Records provided =
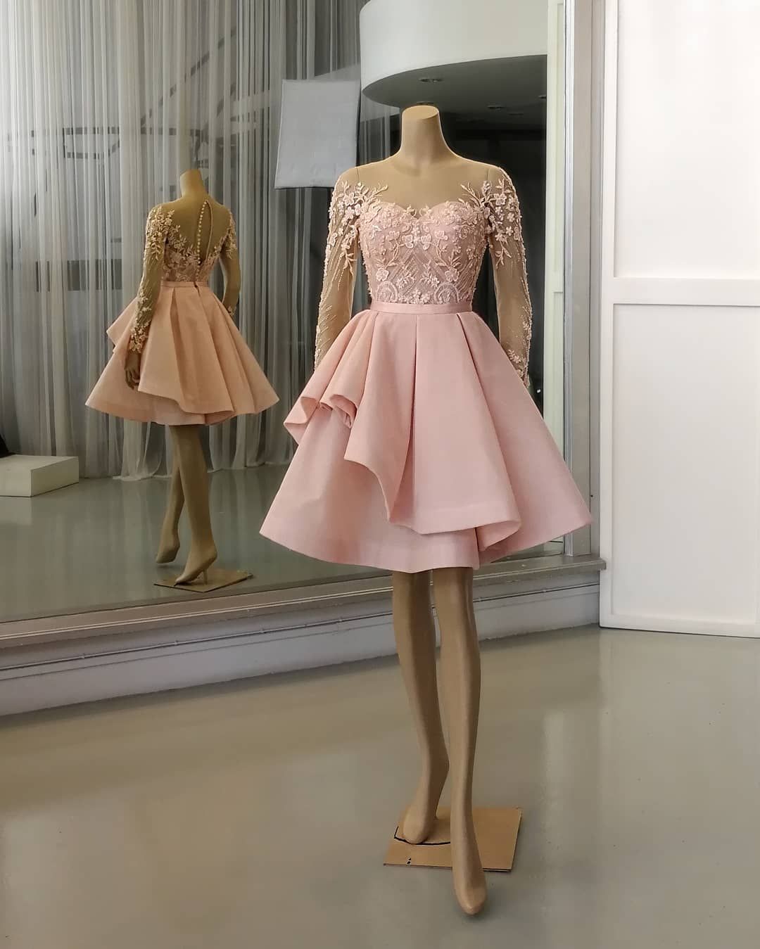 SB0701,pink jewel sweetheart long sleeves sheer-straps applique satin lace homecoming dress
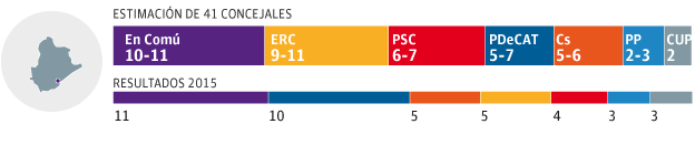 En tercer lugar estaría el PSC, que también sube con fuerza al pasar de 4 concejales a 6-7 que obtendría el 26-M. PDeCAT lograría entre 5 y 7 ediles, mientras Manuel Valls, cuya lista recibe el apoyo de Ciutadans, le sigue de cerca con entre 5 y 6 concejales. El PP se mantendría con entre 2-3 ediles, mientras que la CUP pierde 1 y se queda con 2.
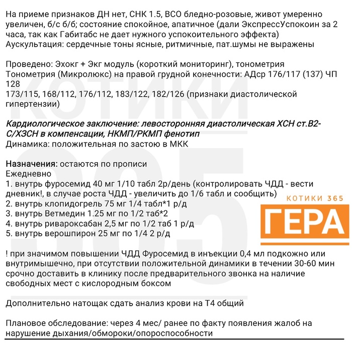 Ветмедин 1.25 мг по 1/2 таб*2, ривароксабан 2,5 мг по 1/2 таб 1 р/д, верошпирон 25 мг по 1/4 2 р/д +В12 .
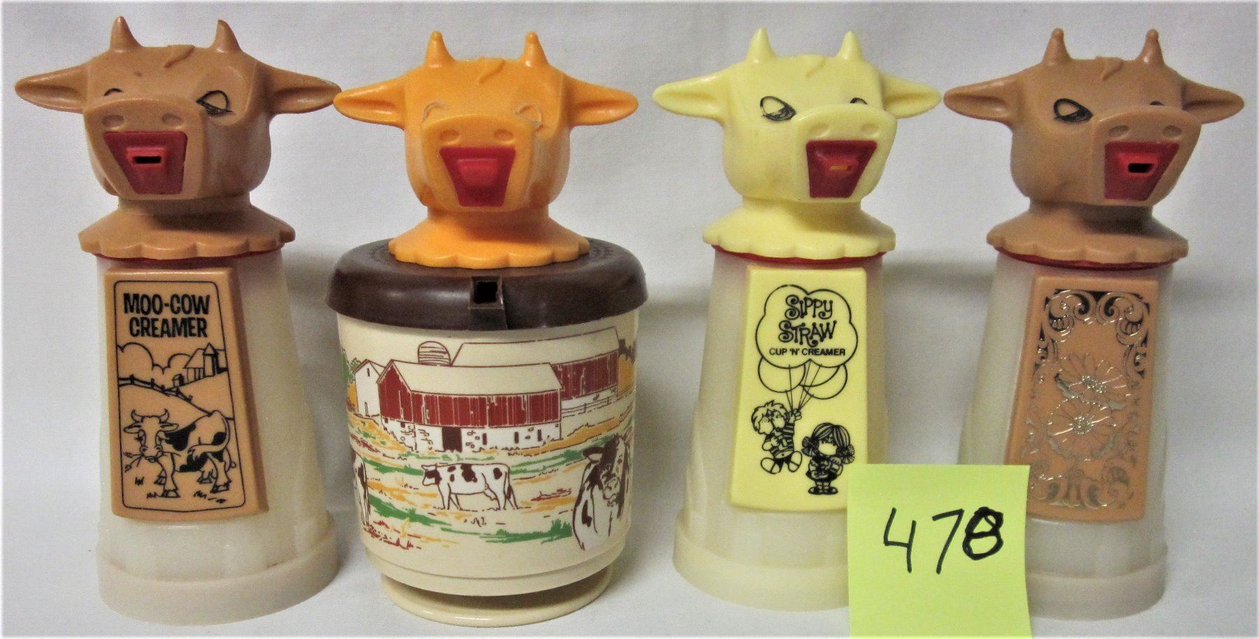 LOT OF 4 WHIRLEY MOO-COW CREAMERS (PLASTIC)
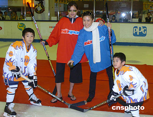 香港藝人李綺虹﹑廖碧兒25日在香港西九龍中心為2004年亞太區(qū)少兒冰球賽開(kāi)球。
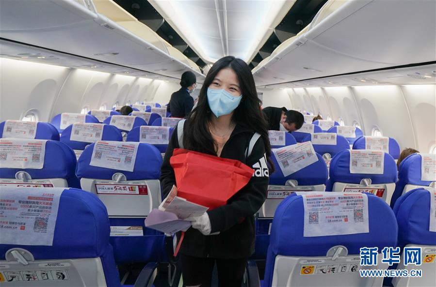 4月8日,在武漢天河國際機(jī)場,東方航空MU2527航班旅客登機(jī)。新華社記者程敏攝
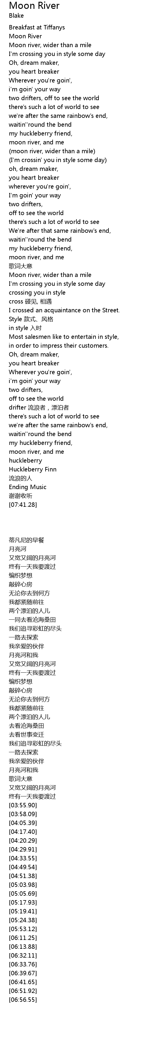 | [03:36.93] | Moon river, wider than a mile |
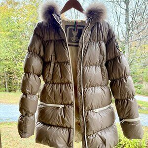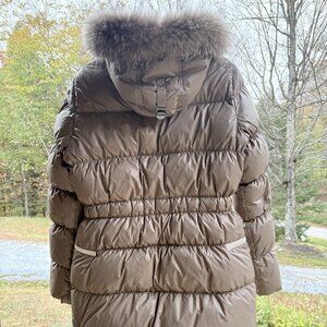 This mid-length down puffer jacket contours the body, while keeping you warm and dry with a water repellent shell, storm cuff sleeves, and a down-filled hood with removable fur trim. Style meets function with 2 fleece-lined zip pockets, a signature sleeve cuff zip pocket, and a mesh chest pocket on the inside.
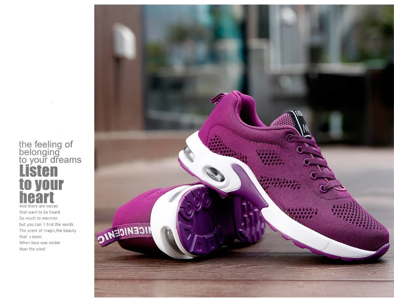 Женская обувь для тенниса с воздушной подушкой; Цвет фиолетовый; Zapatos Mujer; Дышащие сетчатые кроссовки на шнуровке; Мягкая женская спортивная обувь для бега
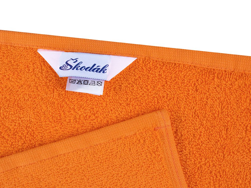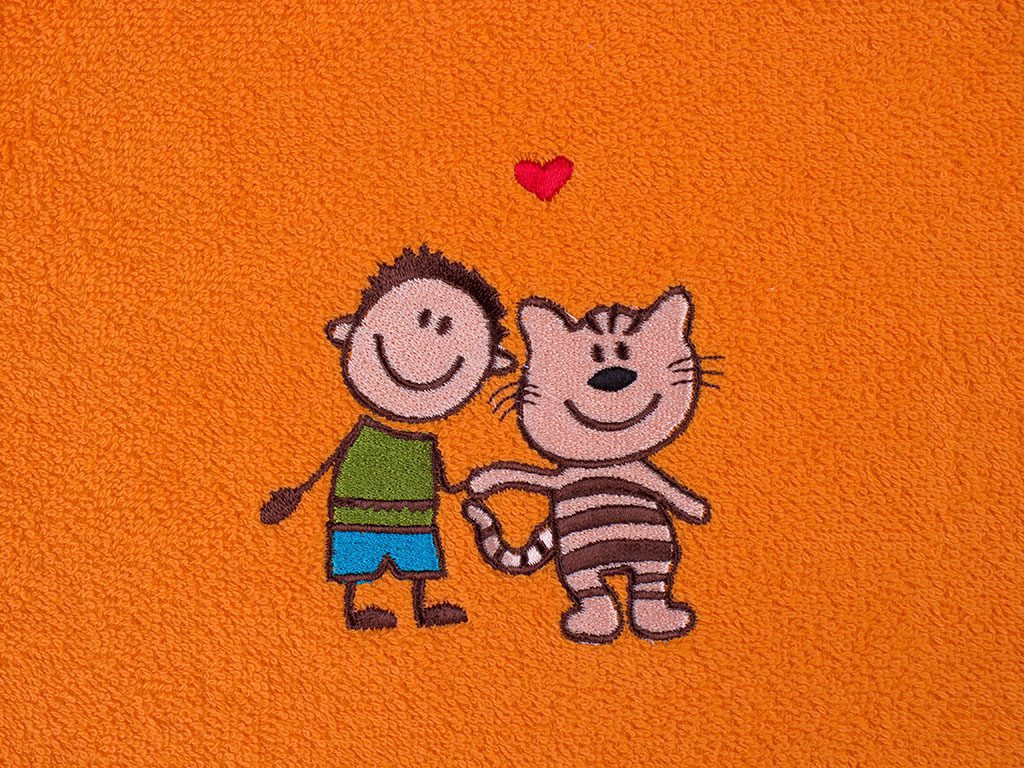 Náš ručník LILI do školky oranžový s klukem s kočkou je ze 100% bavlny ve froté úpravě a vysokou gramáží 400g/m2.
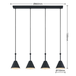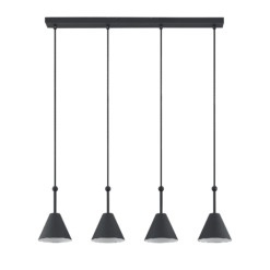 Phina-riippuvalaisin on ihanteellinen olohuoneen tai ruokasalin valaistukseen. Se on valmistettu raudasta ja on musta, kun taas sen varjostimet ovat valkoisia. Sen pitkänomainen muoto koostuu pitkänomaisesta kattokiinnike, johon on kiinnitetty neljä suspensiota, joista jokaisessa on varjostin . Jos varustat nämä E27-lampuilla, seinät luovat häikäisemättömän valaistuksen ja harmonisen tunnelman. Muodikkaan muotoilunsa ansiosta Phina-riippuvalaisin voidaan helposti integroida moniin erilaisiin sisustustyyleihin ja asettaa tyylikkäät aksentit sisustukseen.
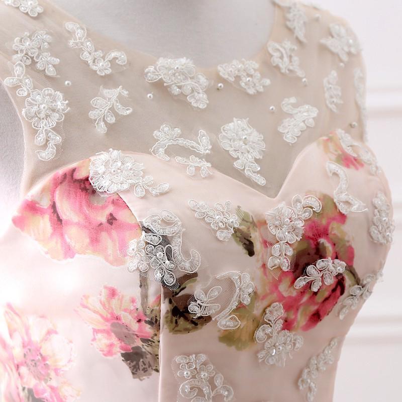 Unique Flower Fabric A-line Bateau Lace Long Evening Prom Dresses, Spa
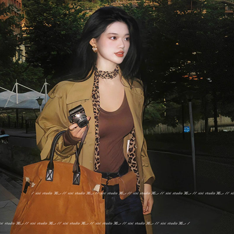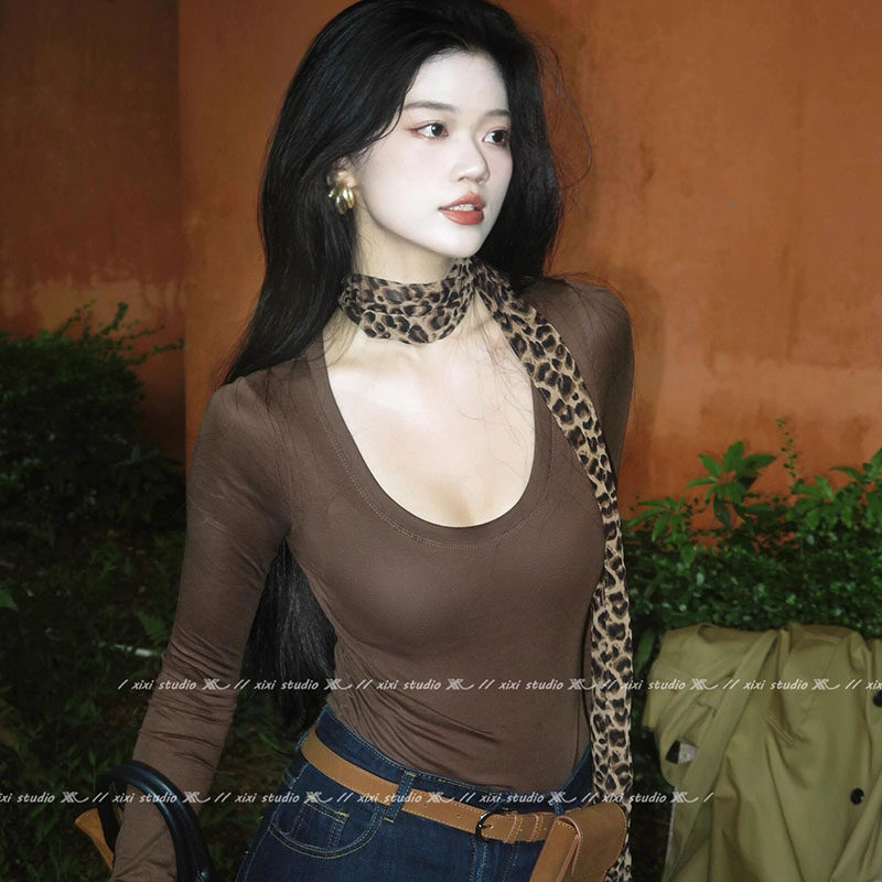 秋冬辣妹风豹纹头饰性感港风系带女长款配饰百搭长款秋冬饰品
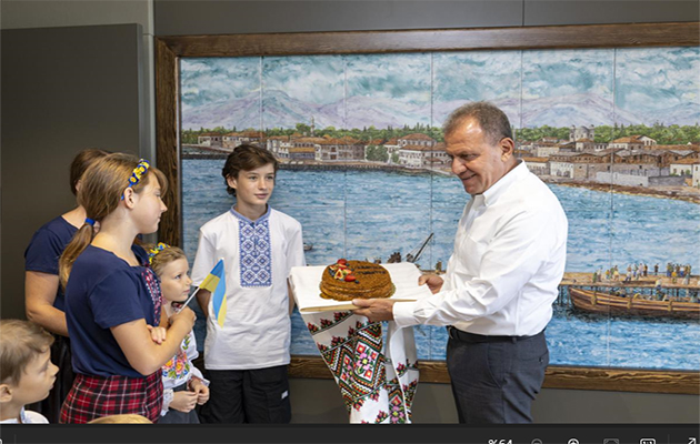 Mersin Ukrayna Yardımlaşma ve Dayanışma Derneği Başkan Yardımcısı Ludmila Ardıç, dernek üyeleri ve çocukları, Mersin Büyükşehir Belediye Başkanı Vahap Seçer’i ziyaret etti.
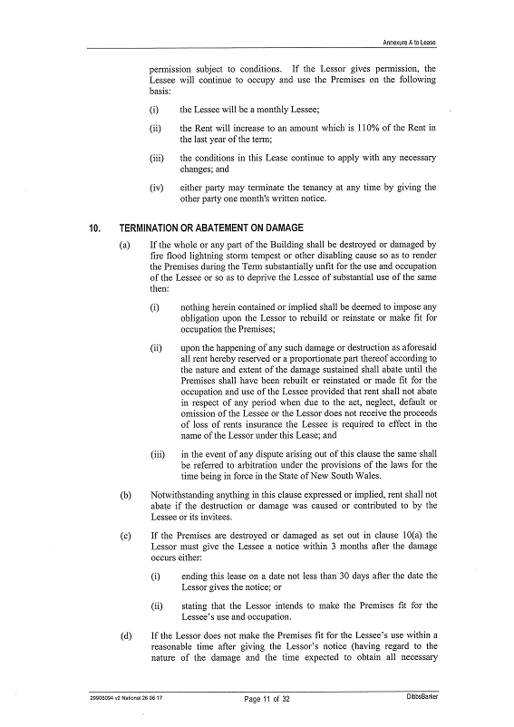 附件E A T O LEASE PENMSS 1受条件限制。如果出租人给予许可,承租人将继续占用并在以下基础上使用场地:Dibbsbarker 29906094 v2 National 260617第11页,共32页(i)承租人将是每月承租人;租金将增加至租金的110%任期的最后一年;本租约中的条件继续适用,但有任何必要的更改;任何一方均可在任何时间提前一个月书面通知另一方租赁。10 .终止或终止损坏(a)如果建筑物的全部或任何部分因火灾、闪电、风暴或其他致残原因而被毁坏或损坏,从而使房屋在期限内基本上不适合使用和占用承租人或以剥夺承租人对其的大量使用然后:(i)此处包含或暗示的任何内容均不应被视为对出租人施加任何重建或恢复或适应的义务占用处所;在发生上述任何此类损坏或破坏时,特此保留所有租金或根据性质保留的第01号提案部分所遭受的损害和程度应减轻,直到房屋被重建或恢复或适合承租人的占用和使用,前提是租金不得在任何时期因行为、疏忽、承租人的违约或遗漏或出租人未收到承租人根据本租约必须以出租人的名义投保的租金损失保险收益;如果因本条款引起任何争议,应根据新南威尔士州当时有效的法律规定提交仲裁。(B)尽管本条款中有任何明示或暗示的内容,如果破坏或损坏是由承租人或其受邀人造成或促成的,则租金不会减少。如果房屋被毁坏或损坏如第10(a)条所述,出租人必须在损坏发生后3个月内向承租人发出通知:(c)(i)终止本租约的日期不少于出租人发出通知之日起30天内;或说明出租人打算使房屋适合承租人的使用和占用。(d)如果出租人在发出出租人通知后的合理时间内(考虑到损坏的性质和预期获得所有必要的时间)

What is required =
Pictures are to be left out; the lines from the start of the records above through the line holding "than a mile |" are to be returned exactly.

Written answer =
 SB0701,pink jewel sweetheart long sleeves sheer-straps applique satin lace homecoming dress
 En tercer lugar estaría el PSC, que también sube con fuerza al pasar de 4 concejales a 6-7 que obtendría el 26-M. PDeCAT lograría entre 5 y 7 ediles, mientras Manuel Valls, cuya lista recibe el apoyo de Ciutadans, le sigue de cerca con entre 5 y 6 concejales. El PP se mantendría con entre 2-3 ediles, mientras que la CUP pierde 1 y se queda con 2.
 Ветмедин 1.25 мг по 1/2 таб*2, ривароксабан 2,5 мг по 1/2 таб 1 р/д, верошпирон 25 мг по 1/4 2 р/д +В12 .
 LOT OF 4 WHIRLEY MOO-COW CREAMERS (PLASTIC)
 香港藝人李綺虹﹑廖碧兒25日在香港西九龍中心為2004年亞太區(qū)少兒冰球賽開(kāi)球。
 4月8日,在武漢天河國際機(jī)場,東方航空MU2527航班旅客登機(jī)。新華社記者程敏攝
 | [03:36.93] | Moon river, wider than a mile |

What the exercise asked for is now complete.